While the financials vary, the urge to diverge has swept across traditional media companies in recent years, as they move toward focusing on core brands.
The Washington Post newspaper was sold to Amazon.com founder and CEO Jeff Bezos last fall for $250 million. The parent Washington Post Co. changed its name to Graham Holdings Co. and held onto its five television stations.
Also last fall, The New York Times sold The Boston Globe to Red Sox owner John Henry for $70 million, to focus on the digital development of its core product.
Last Wednesday, The E.W. Scripps Co. and Journal Communications, publisher of the Milwaukee Journal Sentinel, agreed to merge their broadcast properties and spin off their publishing assets.
Salas said the Tribune Co.'s investment in television and divestment of publishing was a blueprint of sorts for the Scripps-Journal deal, but in "one fell swoop."

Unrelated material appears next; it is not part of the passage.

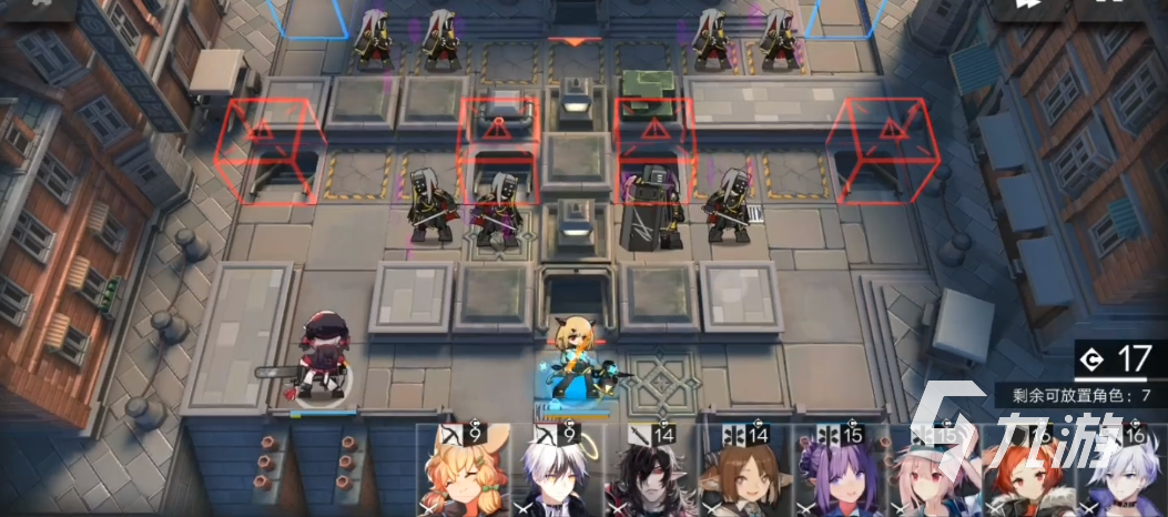 在戰(zhàn)場的最左上角大家可以部署一個(gè)先鋒香草用來抵擋敵人的攻擊,然后在戰(zhàn)場中間的位置哪里的站臺(tái)上部署遠(yuǎn)山,這樣能夠增強(qiáng)群體輸出的能力。

"What E.W. Scripps and Journal are doing is exactly what Tribune Co. has done and laid the groundwork for," Salas said. "It shows that a lot of investors, a lot of board rooms were saying this is the right strategy."
Separately on Monday, Tribune Media agreed to sell its stake in Cars.com, after Gannett Co. offered to buy out its partners in the auto sales website for $1.8 billion. Tribune Media owns just under 28 percent of Cars.com through Chicago-based Classified Ventures, partnered with A.H. Belo Corp., Gannett Co. Inc., The McClatchy Co. and Graham Holdings Co.
The Gannett purchase values Cars.com at about $2.5 billion, which means Tribune Media will get as much as $700 million from the sale.
In March, Classified Ventures sold Apartments.com to commercial real estate research firm CoStar Group Inc. for $585 million, netting Tribune Co. $160 million.